┌─ STORED DATA

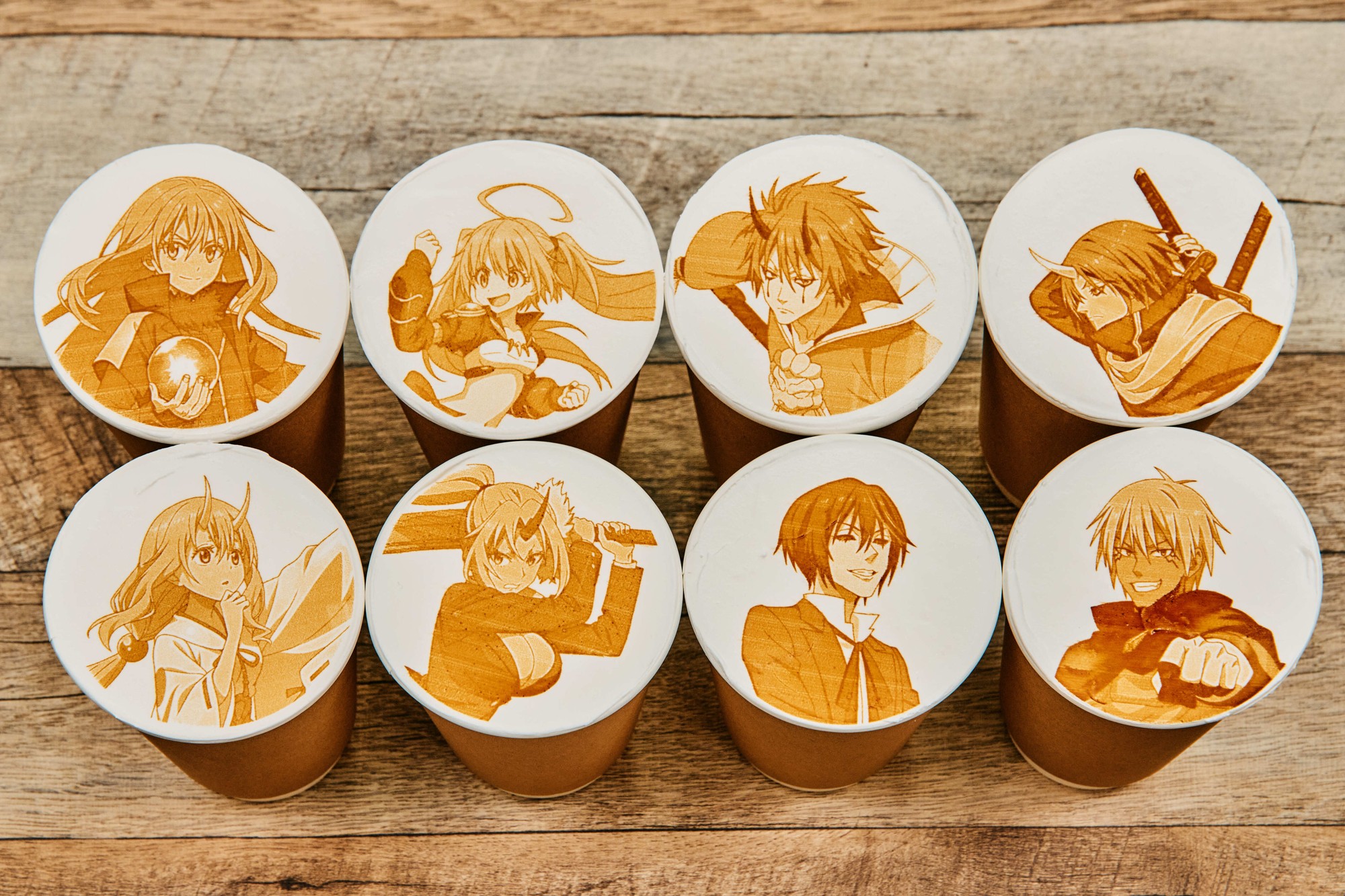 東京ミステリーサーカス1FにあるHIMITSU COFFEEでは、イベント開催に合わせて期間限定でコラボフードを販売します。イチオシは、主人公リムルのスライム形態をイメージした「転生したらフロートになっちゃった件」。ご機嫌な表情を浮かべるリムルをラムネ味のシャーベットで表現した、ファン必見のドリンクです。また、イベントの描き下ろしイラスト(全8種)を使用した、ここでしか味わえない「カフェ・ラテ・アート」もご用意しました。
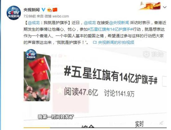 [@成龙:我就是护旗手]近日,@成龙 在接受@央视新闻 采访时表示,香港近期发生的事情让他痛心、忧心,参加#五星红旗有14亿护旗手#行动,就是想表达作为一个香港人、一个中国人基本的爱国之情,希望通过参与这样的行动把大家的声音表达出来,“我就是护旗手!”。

└─
┌─ STORED DATA

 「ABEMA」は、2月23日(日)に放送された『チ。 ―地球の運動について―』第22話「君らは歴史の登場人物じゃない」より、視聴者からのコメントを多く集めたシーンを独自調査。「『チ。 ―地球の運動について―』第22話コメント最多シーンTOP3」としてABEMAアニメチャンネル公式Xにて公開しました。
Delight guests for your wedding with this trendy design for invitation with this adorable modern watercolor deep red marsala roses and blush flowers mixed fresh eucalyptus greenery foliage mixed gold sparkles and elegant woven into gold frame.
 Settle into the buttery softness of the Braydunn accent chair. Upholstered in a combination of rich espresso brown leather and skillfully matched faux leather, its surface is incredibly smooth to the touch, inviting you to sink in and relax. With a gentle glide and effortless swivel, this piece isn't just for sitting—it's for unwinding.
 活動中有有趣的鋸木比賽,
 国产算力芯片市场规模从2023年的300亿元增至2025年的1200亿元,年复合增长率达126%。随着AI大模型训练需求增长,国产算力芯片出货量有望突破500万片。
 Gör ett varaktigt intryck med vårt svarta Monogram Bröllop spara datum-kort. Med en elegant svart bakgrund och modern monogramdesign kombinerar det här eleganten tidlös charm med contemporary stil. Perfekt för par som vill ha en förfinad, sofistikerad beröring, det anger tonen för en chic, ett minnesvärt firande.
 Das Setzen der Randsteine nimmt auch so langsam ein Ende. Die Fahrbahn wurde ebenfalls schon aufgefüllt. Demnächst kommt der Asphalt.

└─
┌─ STORED DATA

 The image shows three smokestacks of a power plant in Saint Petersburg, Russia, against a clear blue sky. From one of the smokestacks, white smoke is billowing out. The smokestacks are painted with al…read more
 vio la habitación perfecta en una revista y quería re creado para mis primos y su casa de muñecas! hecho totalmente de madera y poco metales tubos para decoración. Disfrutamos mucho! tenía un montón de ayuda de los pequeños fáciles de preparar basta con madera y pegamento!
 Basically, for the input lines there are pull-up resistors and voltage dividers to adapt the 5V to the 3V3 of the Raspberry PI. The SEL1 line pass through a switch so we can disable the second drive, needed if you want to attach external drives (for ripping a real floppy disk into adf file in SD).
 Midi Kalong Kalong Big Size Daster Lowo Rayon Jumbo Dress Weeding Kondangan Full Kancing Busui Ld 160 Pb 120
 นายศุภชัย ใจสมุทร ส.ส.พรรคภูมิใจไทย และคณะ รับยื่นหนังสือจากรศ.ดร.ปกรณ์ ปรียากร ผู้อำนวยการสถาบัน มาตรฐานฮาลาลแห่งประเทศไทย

└─

> _WORK TO BE COMPLETED_
Only the lines above from the line containing "vio la habitación" through the line containing "นายศุภชัย ใจสมุทร ส.ส.พรรคภูมิใจไทย" should be retyped, exactly and with both ends included.

> _TASK RESULT_
 vio la habitación perfecta en una revista y quería re creado para mis primos y su casa de muñecas! hecho totalmente de madera y poco metales tubos para decoración. Disfrutamos mucho! tenía un montón de ayuda de los pequeños fáciles de preparar basta con madera y pegamento!
 Basically, for the input lines there are pull-up resistors and voltage dividers to adapt the 5V to the 3V3 of the Raspberry PI. The SEL1 line pass through a switch so we can disable the second drive, needed if you want to attach external drives (for ripping a real floppy disk into adf file in SD).
 Midi Kalong Kalong Big Size Daster Lowo Rayon Jumbo Dress Weeding Kondangan Full Kancing Busui Ld 160 Pb 120
 นายศุภชัย ใจสมุทร ส.ส.พรรคภูมิใจไทย และคณะ รับยื่นหนังสือจากรศ.ดร.ปกรณ์ ปรียากร ผู้อำนวยการสถาบัน มาตรฐานฮาลาลแห่งประเทศไทย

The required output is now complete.